## YOUR TASK
The answer must consist solely of the lines from the one with "商铺名称:东莞昊太金属材料有限公司" through the last line of the data, copied exactly, with no pictures.
DATASET EXTRACT START
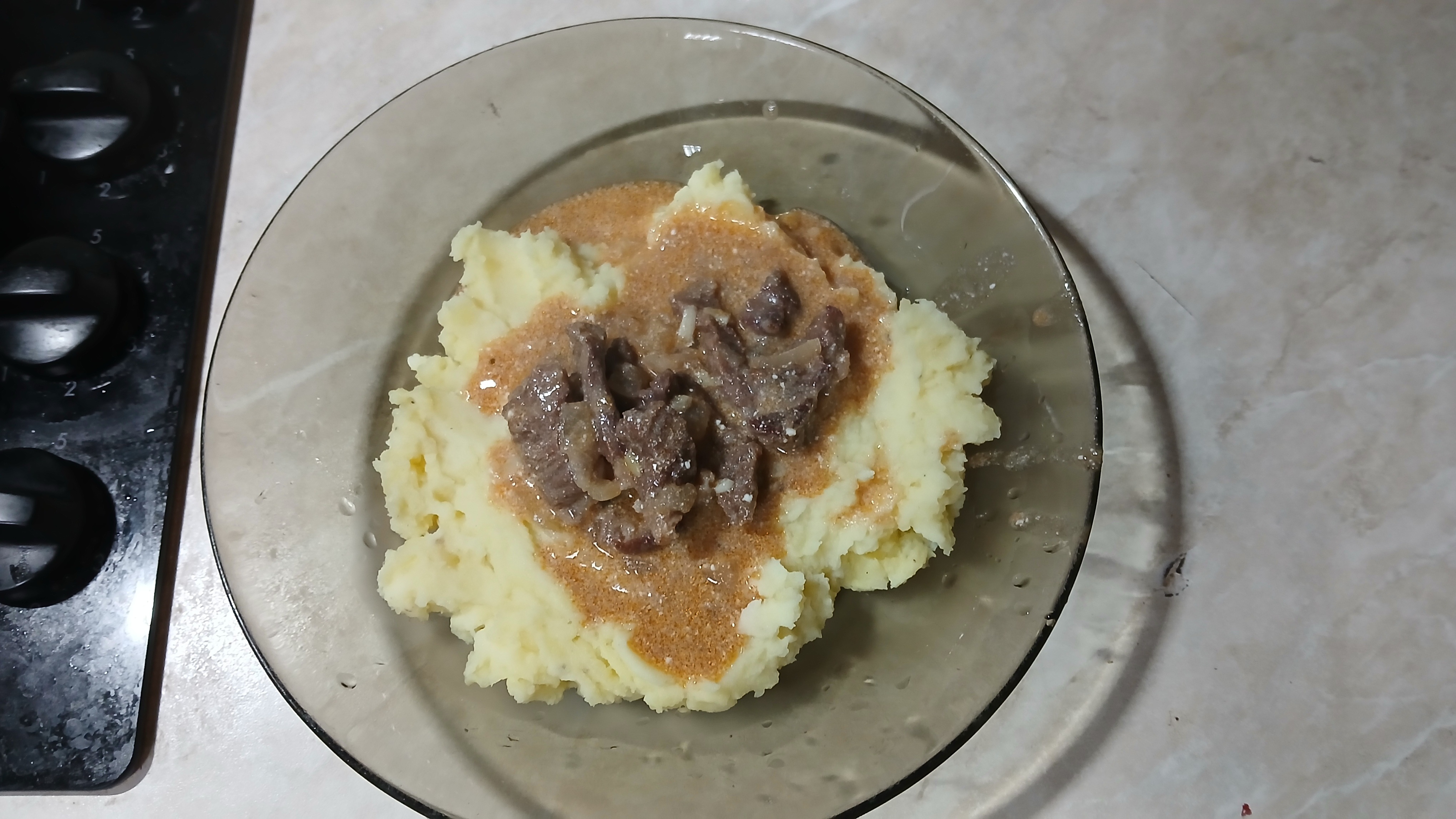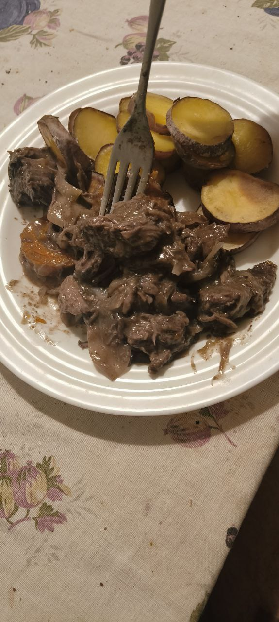 Охрененно вкусное хрючево! Рваная говядина. Томил 2.5 часа в вине и приправах. Потом крахмалом соус загустил, порвал всё и оставил без крышки томиться ещё час, чтобы всё загустело и пропиталось
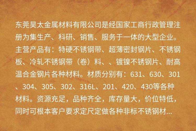 商铺名称:东莞昊太金属材料有限公司
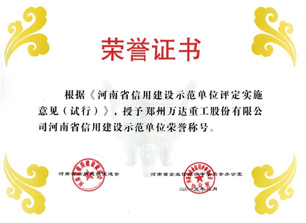 熱烈祝賀鄭州萬達(dá)重工股份有限公司通過了“河南省信用建設(shè)促進(jìn)會”和“河南省企業(yè)信用評審委員會辦公室”共同組織的“河南省信用建設(shè)示范單位”復(fù)審認(rèn)證,被認(rèn)定為“河南省信用建設(shè)示范單位”榮譽稱號!
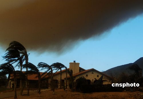 十月二十五日,美國南加州肆虐五天的山火集中在五個地區,當地居民和許多豪宅依然受到煙火威脅,目前已有一百萬災民流離失所。中新社發 賈國榮 攝
DATASET EXTRACT END
## RESPONSE BELOW
 商铺名称:东莞昊太金属材料有限公司
 熱烈祝賀鄭州萬達(dá)重工股份有限公司通過了“河南省信用建設(shè)促進(jìn)會”和“河南省企業(yè)信用評審委員會辦公室”共同組織的“河南省信用建設(shè)示范單位”復(fù)審認(rèn)證,被認(rèn)定為“河南省信用建設(shè)示范單位”榮譽稱號!
 十月二十五日,美國南加州肆虐五天的山火集中在五個地區,當地居民和許多豪宅依然受到煙火威脅,目前已有一百萬災民流離失所。中新社發 賈國榮 攝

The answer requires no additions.